OK, so do you have any hypotheses to explain what I observed in my test case? Or any ideas for further tests?

etienneJr avatar Jul 02 '25 07:07 etienneJr

I wondered whether my result was specific to the French Riviera, so I tested Colorado, and got the same result. I wondered if it was a positive effect of gzip compression, so I tested without compression and got the same result.

Please tell me what I did wrong and explain why I can't reproduce the including IDs prevents merging behaviour, which seems obvious to everyone?

etienneJr avatar Jul 02 '25 20:07 etienneJr

OK, I've finally understood that including IDs prevents merging doesn't express how the softwares work, but rather a general principle. With tilemaker, when you request both merging and IDs, merging takes priority, and IDs are not added (only 1 ID is kept for all the merged items), see this discussion. This explains why I could get light tiles: with all the merge options enabled and IDs requested, merging is done, and there are in fact very few IDs included. To be sure you get the correct ID for the elements you want to make clickable, you need to remove any merge options that may merge them with similar elements.

etienneJr avatar Jul 07 '25 10:07 etienneJr

Thanks @etienneJr for debugging it!

From my point of view, it would be great if shortbread could use exactly this strategy. It would thus make POIs with different names get always correct ID. If merging occurs anyway, it would be quite easy to query (e.g. overpass) for a nearby features with same tags.

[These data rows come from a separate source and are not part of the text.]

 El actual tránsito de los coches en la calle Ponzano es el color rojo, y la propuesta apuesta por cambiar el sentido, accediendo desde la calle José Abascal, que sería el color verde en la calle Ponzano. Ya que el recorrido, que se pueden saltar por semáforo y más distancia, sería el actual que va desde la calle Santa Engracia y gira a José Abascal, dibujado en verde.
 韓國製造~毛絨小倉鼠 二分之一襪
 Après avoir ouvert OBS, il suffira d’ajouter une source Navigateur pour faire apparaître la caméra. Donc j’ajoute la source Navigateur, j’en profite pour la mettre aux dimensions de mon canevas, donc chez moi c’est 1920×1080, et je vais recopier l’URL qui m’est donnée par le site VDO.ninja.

One more brainstorming: Perhaps a merged feature could get different type id, to warn consumers of unsure results. eg X=5/6/7 for merged items?

zbycz avatar Jul 07 '25 11:07 zbycz

I've been thinking about how to make feature merging and IDs inclusion compatible. I've thought of a solution, but I imagine it would involve redefining MVT specification... ? The idea would be to group identical tags together but list the IDs separately, in this way:

bench tag 1 bench tag 2 bench tag 3 bench type Point bench 1 ID bench 1 MoveTo bench 2 ID bench 2 MoveTo bench 3 ID bench 3 MoveTo bench 4 ID bench 4 MoveTo bench 5 ID bench 5 MoveTo

What do you think?

etienneJr avatar Jul 08 '25 20:07 etienneJr

MVT changes are off-topic for here. If a new tile format comes out we can consider if it changes anything we are doing, but this is not the place to design a new format.

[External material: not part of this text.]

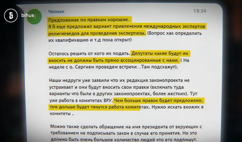 Окрім Дмитрука, у листуваннях Сергія Чертиліна фігурував юрист Павла Лебедя Микита Чекман. Судячи з розмови, Чекману передають правки щодо законопроекту про заборону УПЦ МП, а вів вимагає підготувати більше правок для його затягування. У листуванні юрист заявив, що депутати мають внести до 500 правок, аби затягнути процес розгляду проекту закону, а також додав, що нардепи, які будуть їх вносити, не мають бути пов’язані з УПЦ МП.

pnorman avatar Jul 08 '25 23:07 pnorman

I understand that several POIs with otherwise the same tags (e.g. benches) can be stored in MVT much more space-efficiently. Adding (OSM) ids would break that. For POIs that don't have the same tags because they already have different names (e.g. restaurants), there is no space-saving.

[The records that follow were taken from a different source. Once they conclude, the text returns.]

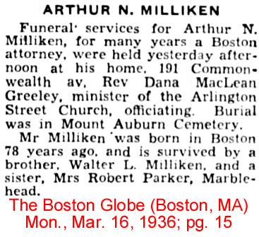 | Arthur N. [Norris] Milliken | 1 Mar 1910 | Arthur was born in Boston, MA on Feb. 8, 1858 to Ebenezer C. & Charlotte J. Milliken. He married Mabel Minot Marsh in Boston on June 9, 1888. He died Mar. 12, 1936 in Boston. [see obituary] They are buried in the Mount Auburn Cemetery in Cambridge, MA. |
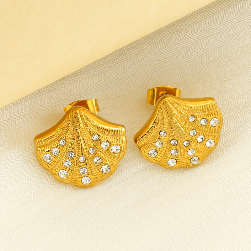 贝壳镶钻耳钉,304不锈钢,18K真金 材质种类:不锈钢 | 商品编号:09562ZG328
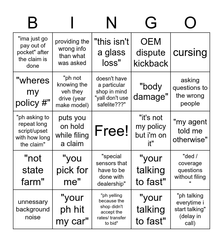 This bingo card has a free space and 25 words: "you pick for me", "ph yelling because the shop didn't accept the rates/ transfer to bid", doesn't have a particular shop in mind "yall don't use safelite???", unnessary background noise, cursing, "ima just go pay out of pocket" after the claim is done, "wheres my policy #", providing the wrong info than what was asked, "it's not my policy but i'm on it", "special sensors that have to be done with dealership", "body damage", "ph asking to repeat long script/upset with how long the claim", "your talking to fast", "ded / coverage questions without filing ", "ph not knowing the veh they drive (year make model), "not having dol (ph only)", "my agent told me otherwise", "this isn't a glass loss", asking questions to the wrong people, puts you on hold while filing a claim, "ph talking everytime i start talking"(delay in call), "your ph hit my car", "not state farm", OEM dispute kickback and "your talking to fast".
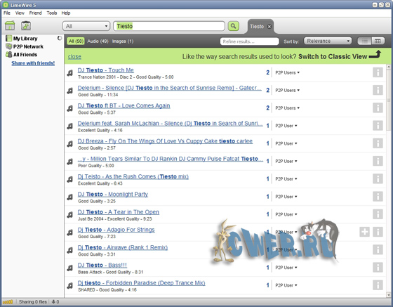 LimeWire - программа, предназначенная для обмена файлами между пользователями. LimeWire отличается от программ аналогичного назначения тем, что совместима практически со всеми P2P сетями. Если вы не знакомы с этой программой, то, чтобы её освоить, вам придется приложить некоторые усилия. Зато после её освоения вы сможете начать поиск и скачивание интересующего файла в бескрайних просторах интернета. После первого запуска LimeWire подключается к своему центральному серверу, анализирует состояние сети и делает запрос на интересующий вас файл. Можно искать всё, что угодно: MP3, игры, программы, картинки, текстовые документы разнообразных форматов и т.д. Для работы требуется наличие Java. Поддерживаются скины.
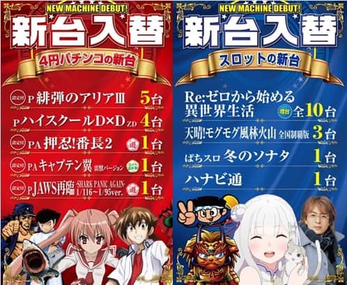 本日12日(金) 新台入替(予定)10時OPEN

So, it makes sense to me to allow osm ids on kind of POIs which usually have a name , i.e. shops, offices, amenities like childcare etc. because this would make it much easier to make the map interactive (click on restaurant to retrieve details about the restaurant). Being able to click on benches, trash cans, street lighting, trees, bollards etc. I consider less useful for the typical use case of a general map. (Although, of course, not without use, just perhaps not for a general-purpose map and thus is not worth the extra space consumed by it.)

A list of kind of POIs that usually have a name (and can be entered) is maintained in StreetComplete here: https://github.com/streetcomplete/StreetComplete/blob/master/app/src/commonMain/kotlin/de/westnordost/streetcomplete/osm/Places.kt#L34

I.e. all shop, club, craft, healthcare, office and some amenity, emergency, leisure, military, tourism.